Saturday, July 3, 2010

Carrot Stick Riding Workshop with Berin MacFarlane 07/03/10

Carrot Stick Riding Workshop with Berin MacFarlane 07/03/10
Saddle and warm up your horse
Do three cinching
Is horse acting like a partner? If yes, go ahead and mount. If no, continue warm up
Phases for carrot stick: out to the side at 90 degrees, out to the side at 45 degrees big overhand circles, closer to zone 1 small overhand circles, touch zone 1
When using two carrot sticks make sure to only use one at a time – DON’T MICRO-MANAGE by holding your horse’s zone 1 between the two sticks.
After using carrot stick, make sure to go back to neutral and do lots of friendly
Use the reins if necessary to reinforce/for control, but try to leave them alone
Make sure your friendly game with carrot stick is good in all zones, rubbing, swinging, tapping noises, etc.
Check lateral flexion in both directions
While doing FTR you can pass carrot stick back and forth between your hands to get comfortable with tossing it, handling it, feeling it, knowing where it is, etc.
Carry carrot stick in neutral (on shoulder or straight up), FTR at a walk and when that’s going well, stop riding, ask for flex towards fence using phases
Horse should flex zone 1 toward fence and stop. The idea is to just flex zone 1 but if horse turns body that’s o.k. for now. Eventually just want zone 1 to flex without moving feet.
When FTR and flexing to stop is going well at walk then can try trot then canter.
Eventually add in a barrel in the corners, FTR at trot, when get to barrel slow to a walk, come off the rail and circle the barrel, come back to the rail and leave at a trot. Do the same at each barrel and do it in both directions. This is beginning to build for simple lead changes. If at canter, come down to trot, circle barrel, come back to the rail and leave at the canter.
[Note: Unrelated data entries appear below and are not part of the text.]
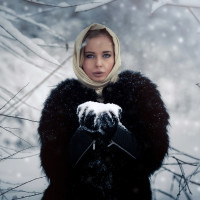 a young girl in the midst of a snowy landscape. She appears to be bundled up against the cold, with her hands placed close together and possibly holding something, perhaps food or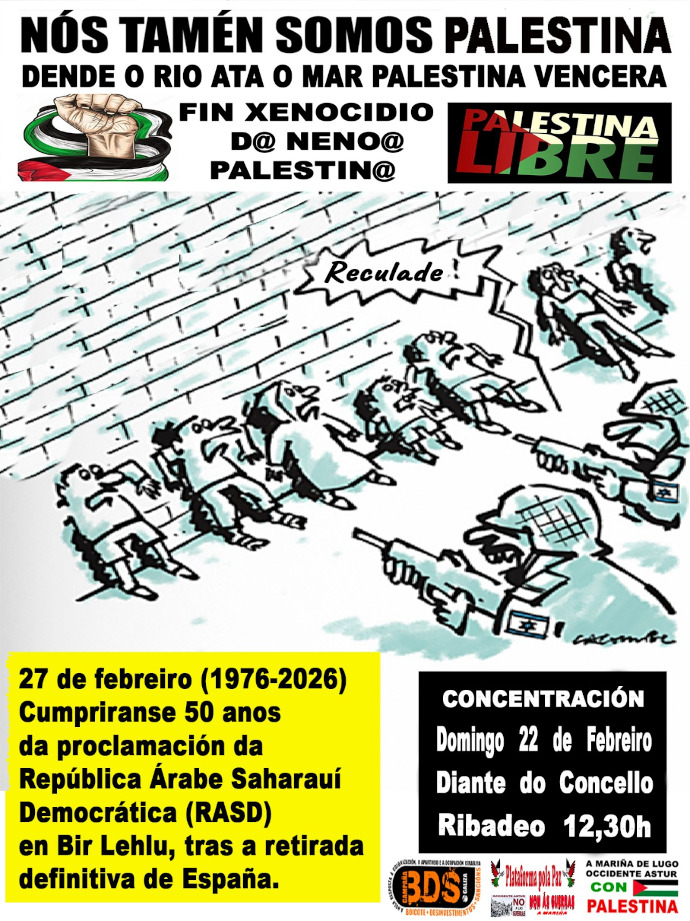 Un novo domingo haberá concentración pola paz en Ribadeo. Coa ameaza dunha nova ‘intervención’ dos EEUU, desta volta en Irán, para incrementar a guerra no mundo (dame medo dicir a ‘guerra mundial’ na que estamos inmersos). Despois de que nesta semana os EEUU atacaran e mataran a máis persoas no pacífico (presuntos narcotraficantes, din…) ou que a UE enviara a un representante á ‘Xunta de Paz para Gaza’ de Trump. Queda o cartel da convocatoria e fotos de Suso das dúas convocatorias pasadas, e o audio da convocatoria do día 8.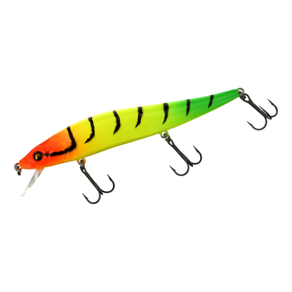 Воблер Flagman Bossy 110F – чудова приманка для швидкого та ефективного облову великих мілководних ділянок. Цей плаваючий воблер мінноу витягнутої форми важить 14,5 г і має довжину 110 мм. Завдяки системі далекого закидання Flagman Bossy 110F летить не тільки далеко, але й дуже точно. Рухливі сталеві кульки під час закидання відходять далеко у хвіст, зміщуючи туди центр ваги приманки. З першим же ривком вони повертаються на місце, де фіксуються спеціальним припливом знизу, завдяки чому під час проведення баланс приманки залишається незмінним. Кульки видають тихий звук високої частоти, що приваблює хижака з великих відстаней. Воблер має власну гру, але рівномірне проведення не є основним, його спеціалізація – твічінг. Лобовий опір воблера не надто великий, тому для ривкових проведень Flagman Bossy немає необхідності використовувати наджорсткі вудлища. Під час ривків воблер робить довгі проходи за інерцією, не сильно відхиляючись убік, а після зупинки повільно спливає, погойдуючи боками й демонструючи затухаючий ролінг. Flagman Bossy 110F працює на різних стилях ривкового проведення. Однаково добре він грає і на жорсткому короткому твічі, і на потяжках. Тривалі паузи нерідко провокують на атаку щуку і трофейного окуня. Більшість моделей покрито спеціальною фарбою, яка світиться в ультрафіолеті, що є додатковим стимулом для хижаків атакувати приманку. Усі воблери Bossy оснащено надійними завідними кільцями та дуже гострими потрійними гачками VMC.

Do weaves in both directions at walk, trot, canter
For Renegade, long lines to build impulsion, not a lot of circles – they stall him out
While doing long lines, point to point, when we arrive at the target point, give him a long rest
If Renegade dives for grass, reach carrot stick over shoulder and tap him on the bum, don’t change my focus (so don’t look back at his bum…get eyes in the back of my head!!) – keep my focus and keep it strong!!